Things TV And Movies Get Completely Wrong About Prison

Hollywood sometimes depicts real-life experiences and events perfectly. At other times, though, they tend to get things very wrong. Prison life, for example, has always tended to be popular movie fodder but Hollywood has only managed to perfectly showcase the unique inmate experience a few times. In an effort to amp up the drama and tension, show business interpretations of prison often fall far short of realism. The everyday pastimes of those in prison tend to be overlooked.

From The Great Escape, Birdman of Alcatraz, and The Shawshank Redemption to Oz, Prison Break, and Orange Is the New Black, there is no shortage of televised jailhouse scenarios. There's the familiar-but-entertaining plot of a prison newcomer who enters an entirely new world of trade and commerce. There's the self-contained prison universe plot that describes a unique set of rules, language, and norms. There's also the good-versus-evil prison narrative set in surroundings where moral lines are easily blurred. Whatever the plot, we're inherently entranced by life behind bars. 

This list will help temper your desire to watch prison-centric shows and movies with the knowledge of what's actually going on in a world many of us will never experience firsthand. 


  • Prisoners Aren't All Hardened Criminals

    Prisoners Aren't All Hardened Criminals
    Photo: Oz/HBO

    We're all familiar with this Hollywood trope: a meek new arrival enters prison only to be surrounded by tough and violent criminals who are all out for blood. This depiction isn't accurate, though. Sure, there are hardened convicts behind prison walls. Of course there are people who've committed violent offenses just brimming with anger and indignation.
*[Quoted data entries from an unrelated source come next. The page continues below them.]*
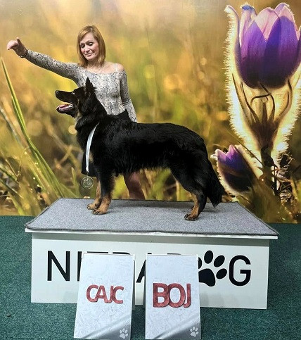 výrazne tmavý/čierny chodský pes s krásnou hlavou, milým výrazom a výborným pohybom. Keďže
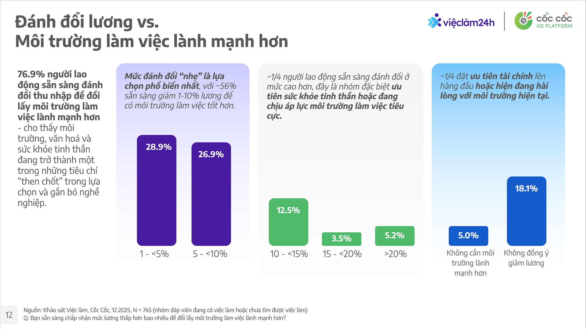 Báo cáo ghi nhận sự dịch chuyển rõ rệt trong hệ giá trị nghề nghiệp của người lao động. Dù tiền lương và phúc lợi vẫn là nền tảng tạo cảm giác “ổn định” (40%) nhưng thu nhập không còn là yếu tố được đặt lên hàng đầu. Cụ thể, 76,9% người lao động sẵn sàng lựa chọn môi trường làm việc lành mạnh, tôn trọng và cân bằng hơn, ngay cả khi phải đánh đổi mức lương cao hơn. Với Gen Z, con số này còn rõ nét hơn khi 60,8% sẵn sàng chấp nhận giảm 1-10% thu nhập để đổi lấy môi trường làm việc phù hợp.
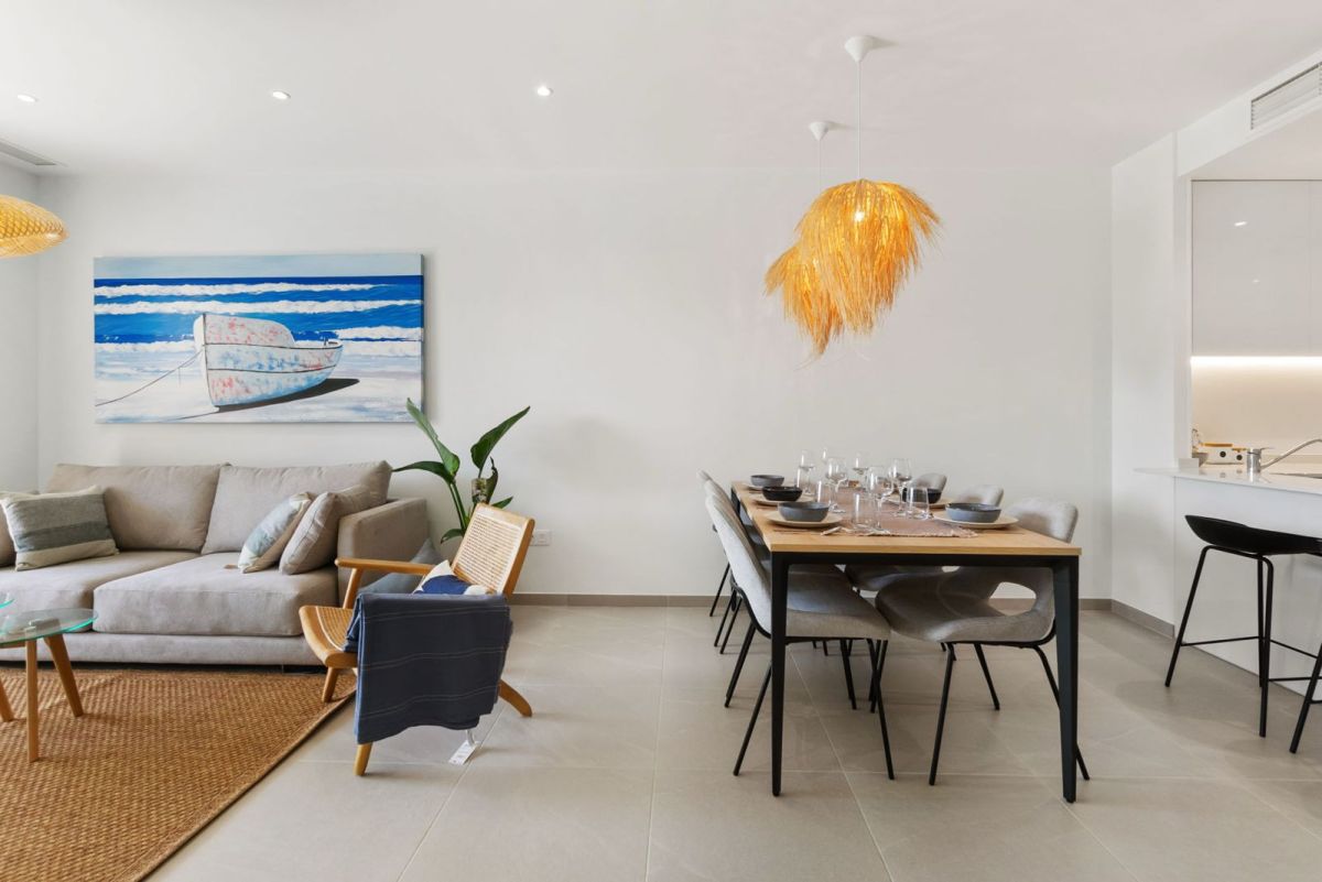 Ten nowoczesny apartament znajduje się w prestiżowym kompleksie Flamenca Village, oferującym wyjątkowy komfort i elegancję. Przestronny salon z dużymi oknami prowadzi na słoneczny taras, idealny do odpoczynku i spotkań z rodziną. Kuchnia jest w pełni wyposażona w wysokiej jakości sprzęty AGD, a trzy sypialnie i dwie łazienki zostały zaprojektowane z dbałością o detale. Wnętrze urządzone przez projektanta łączy nowoczesny styl z przytulną atmosferą. W apartamencie znajduje się również pomieszczenie gospodarcze oraz prywatne, poszerzone miejsce parkingowe w garażu podziemnym. Duże przeszklenia zapewniają doskonałe naturalne oświetlenie i widok na zielone tereny kompleksu. Flamenca Village to ekskluzywna inwestycja z bogatą infrastrukturą - basenami, jacuzzi, siłownią, kawiarnią oraz pięknie utrzymanymi ogrodami. Całość tworzy harmonijną przestrzeń, która łączy luksus, komfort i relaks w jednym z najbardziej pożądanych miejsc na Costa Blanca.

    But there are also people who simply made bad choices or got caught in the wrong place at the wrong time. Relatively minor drug abusers, for instance, make up a disproportionate number of incarcerated individuals. Many of those offenders are nonviolent in nature. The idea that prisons are stacked to the rafters with monsters is inaccurate, not to mention damaging.

  • Riots Are Not At All Common

    A prison riot makes for a very thrilling cinematic experience. The tension in an already-tense environment reaches a breaking point, and the whole place seemingly erupts into violence. In reality, however, riots are not commonplace in most penal institutions. They are by no means a regular or routine part of prison life. In fact, the number of prison riots has been decreasing over the years. Prison guards are constantly being trained to better quell and prevent riots.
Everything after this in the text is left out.